Problem requirements:
Leaving out the pictures, return word for word the stretch of entries below from the line holding "而在此消息被披露不久,The Verge 進(jìn)一步稱" through the line holding "BOSS特性: - 克苏鲁之脑分为两个阶段:第一阶段本体无敌,周围环绕小怪;需先清除所有小怪方可进入第二阶段。".

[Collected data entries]

'''

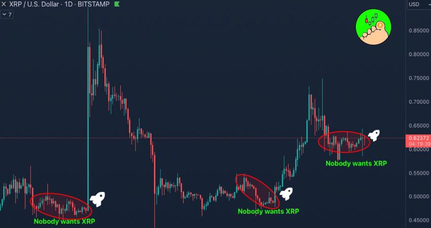 Cryptoes_ta ha notato le similmente tra l’attuale movimento di XRP e quelli che hanno preceduto gli aumenti significativi dall’inizio dell’anno.
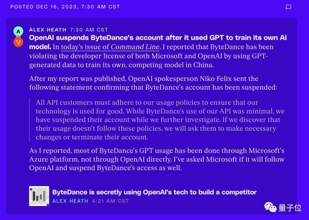 而在此消息被披露不久,The Verge 進(jìn)一步稱 OpenAI 已經(jīng)暫停了字節(jié)跳動(dòng)的賬戶。
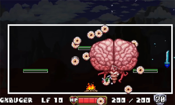 BOSS特性: - 克苏鲁之脑分为两个阶段:第一阶段本体无敌,周围环绕小怪;需先清除所有小怪方可进入第二阶段。 - 第二阶段中,Boss本体可被攻击,会高速移动并发动冲撞攻击。 - 若同时敲碎多颗血腥心脏,可召唤两只克苏鲁之脑,它们共享飞眼怪仆从,并同步进入第二阶段。 - 血量设定相对亲民:普通模式仅1000 HP,专家模式为1700 HP,考验的是操作而非持久战。
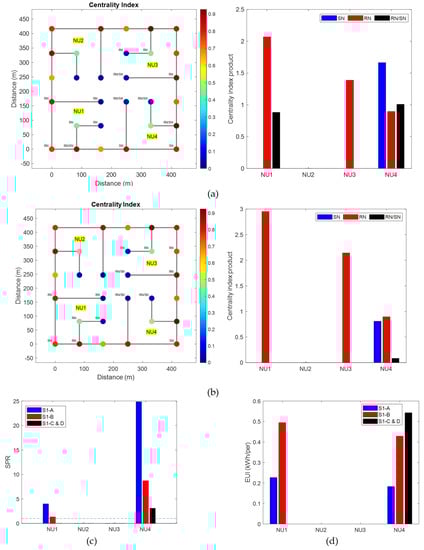 Centrality analysis of combination C4 (a) for scenarios S1-A and S1-B, (b) for scenarios S1-C and S1-D along with (c) shelter to population ratio (SPR) and (d) energy use index (EUI).
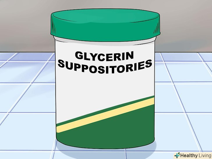 Використовуйте гліцеринові свічки.супозиторії (свічки) з гліцерином здатні дуже швидко допомогти при запорах. Гліцерин змащує стінки прямої кишки і полегшує проходження стільця. При використанні в якості свічок гліцерин має порівняно мало неприємних побічних ефектів.[4]- Користуйтеся гліцериновими свічками нечасто і лише при необхідності. Дотримуйтесь вказівок щодо застосування і пам'ятайте про те, що гліцеринові свічки діють лише протягом нетривалого часу.
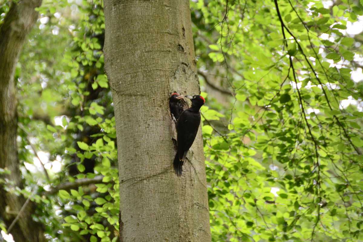 Photo prise le 03/06/2016 à l'affût, alors que rodait un Pigeon colombin (Columba oenas) autour du site. Nourrissage d'un jeune Pic noir à la loge par sa mère (reconnaissable à sa calotte rouge plus limitée).
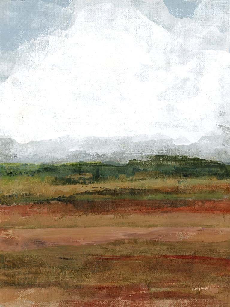 "A Kentucky Weekend I" by Haley Knighten is a compelling embodiment of abstract landscape art that captures the essence of pastoral serenity and rustic charm. The composition juxtaposes a textured sky, subtly nuanced with hues of blue and white, against a richly layered terrain that stretches towards the horizon. Knighten employs a muted yet earthy palette, with harmonious tones of green, brown, and ochre coalescing to evoke the fertile expanses of Kentucky’s countryside. The artist's brushwork is both deliberate and spontaneous, creating a dynamic interplay of light and shadow that imbues the scene with depth and movement. The work can be classified within the genre of contemporary impressionism, marked by its abstraction of natural forms and expressive manipulation of color. There is a timeless quality to this piece, as it transcends mere representation to evoke an emotional response, inviting the viewer to experience the tranquil beauty of a Kentucky weekend anew with each gaze. Such a reproduction print would be a sublime addition to any collection, offering a window into the idyllic rural heartscape that Knighten so masterfully encapsulates.For more art by Haley Knighten click here.

'''

Task result:
 而在此消息被披露不久,The Verge 進(jìn)一步稱 OpenAI 已經(jīng)暫停了字節(jié)跳動(dòng)的賬戶。
 BOSS特性: - 克苏鲁之脑分为两个阶段:第一阶段本体无敌,周围环绕小怪;需先清除所有小怪方可进入第二阶段。 - 第二阶段中,Boss本体可被攻击,会高速移动并发动冲撞攻击。 - 若同时敲碎多颗血腥心脏,可召唤两只克苏鲁之脑,它们共享飞眼怪仆从,并同步进入第二阶段。 - 血量设定相对亲民:普通模式仅1000 HP,专家模式为1700 HP,考验的是操作而非持久战。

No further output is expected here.